NSW regulator permanently closes Sydney childcare service after long-running safety and compliance concerns
The Sector > Quality > Compliance > NSW regulator permanently closes Sydney childcare service after long-running safety and compliance concerns

NSW regulator permanently closes Sydney childcare service after long-running safety and compliance concerns

by Fiona Alston

January 12, 2026

A Sydney long day care service has been permanently shut down following what has been reported as more than a decade of breaches of national safety standards, in a move being described as the first permanent closure under strengthened NSW enforcement settings.

 

The service, Fun2Learn Early Learning Centre in Rosehill, is operated by approved provider JLBE Pty Ltd, which has held the service approval since 12 October 2012.

 

The service has been permanently closed, with reporting pointing to a history of serious safety-related non-compliance spanning more than a decade.

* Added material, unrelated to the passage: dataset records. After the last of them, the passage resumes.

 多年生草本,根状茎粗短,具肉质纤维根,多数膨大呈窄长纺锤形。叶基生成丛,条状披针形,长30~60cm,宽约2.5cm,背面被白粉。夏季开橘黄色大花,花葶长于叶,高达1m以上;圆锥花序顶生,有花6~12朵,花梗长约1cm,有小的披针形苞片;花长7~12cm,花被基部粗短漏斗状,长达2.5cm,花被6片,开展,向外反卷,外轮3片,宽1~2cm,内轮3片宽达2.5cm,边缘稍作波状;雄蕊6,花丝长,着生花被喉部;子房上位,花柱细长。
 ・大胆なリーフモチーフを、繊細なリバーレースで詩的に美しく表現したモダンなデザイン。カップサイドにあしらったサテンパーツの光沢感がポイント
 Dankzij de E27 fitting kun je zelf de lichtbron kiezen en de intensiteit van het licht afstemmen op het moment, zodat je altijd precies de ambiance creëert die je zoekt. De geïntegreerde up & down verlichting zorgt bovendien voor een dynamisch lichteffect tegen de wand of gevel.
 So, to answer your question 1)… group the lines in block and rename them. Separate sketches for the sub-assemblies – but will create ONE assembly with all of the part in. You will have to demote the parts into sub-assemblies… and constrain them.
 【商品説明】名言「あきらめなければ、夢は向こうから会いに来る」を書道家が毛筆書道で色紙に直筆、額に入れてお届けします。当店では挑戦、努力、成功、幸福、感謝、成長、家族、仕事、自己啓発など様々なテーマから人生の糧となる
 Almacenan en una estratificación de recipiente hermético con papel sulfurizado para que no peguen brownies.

Public registers show the service was rated Working Towards NQS in December 2020 and again in August 2024.

 

A Working Towards rating can have many causes and, on its own, does not automatically indicate immediate risk. But repeated Working Towards outcomes across multiple cycles should trigger sharper internal governance questions for any provider and leadership team, including:

 

  • What are the recurring themes identified through assessment and monitoring?
  • Are improvements embedded or do issues re-emerge under pressure?
  • How are risks (exits, hazardous substances, allergy management, supervision) checked daily?
  • How do leaders verify compliance is happening, not just documented?
  • What reporting, escalation and accountability systems exist at provider level?

 

For the broader community, this case also reinforces why quality improvement needs to be viewed as a year-round operating discipline, not an activity that peaks around visits.

 

The closure led to a sustained history of breaches, including alleged examples such as padlocked emergency exit doors, gaps in allergy management planning, and unlabelled chemicals accessible to children.

 

While details of individual compliance matters can be subject to process and publication timeframes, the seriousness of the alleged issues has put a spotlight back on the non-negotiables in early childhood education and care: safe environments, effective supervision, emergency readiness, and robust health risk management.

 

Fun2Learn’s publicly available service philosophy speaks to a commitment many services will recognise: respect for Country and community, play-based learning guided by the EYLF and NQS, safe and secure environments, healthy eating and inclusion, and the importance of educator relationships and leadership consistency.

 

Fun2Learn’s publicly available service philosophy presents a clear commitment to children’s wellbeing and safe, intentional practice, including play-based learning guided by the EYLF and NQS, safe and secure environments, healthy eating, inclusion, strong educator relationships and consistency of staffing, and collaborative leadership focused on continuous professional growth. However, the closure and the issues reported point to an apparent gap between stated intent and the day-to-day systems and practices required to keep children safe and meet regulatory expectations.

 

This is not an abstract issue for the sector. A philosophy statement is a valuable anchor, but it is not a control. Daily safety and quality depend on what happens in practice: clear expectations, consistent supervision, routine checks, safe storage, accurate documentation, staff capability, leadership oversight, and a governance rhythm that identifies patterns early and responds decisively.

 

Permanent closures are rare and that rarity is exactly why they matter. They mark the point at which a regulator has determined a service should no longer operate, based on risk, history and capacity to comply.

 

The practical takeaway for providers is immediate and clear: the everyday fundamentals must be auditable, consistent and non-negotiable, especially during the hardest weeks when staffing pressure, fatigue and competing priorities are highest.

 

For NSW, the case will add to ongoing discussion about transparency and timeliness of information for families. As enforcement and publication mechanisms continue to evolve, the sector will be watching for how clearly regulators communicate not just that action has been taken, but why and what providers should learn from it.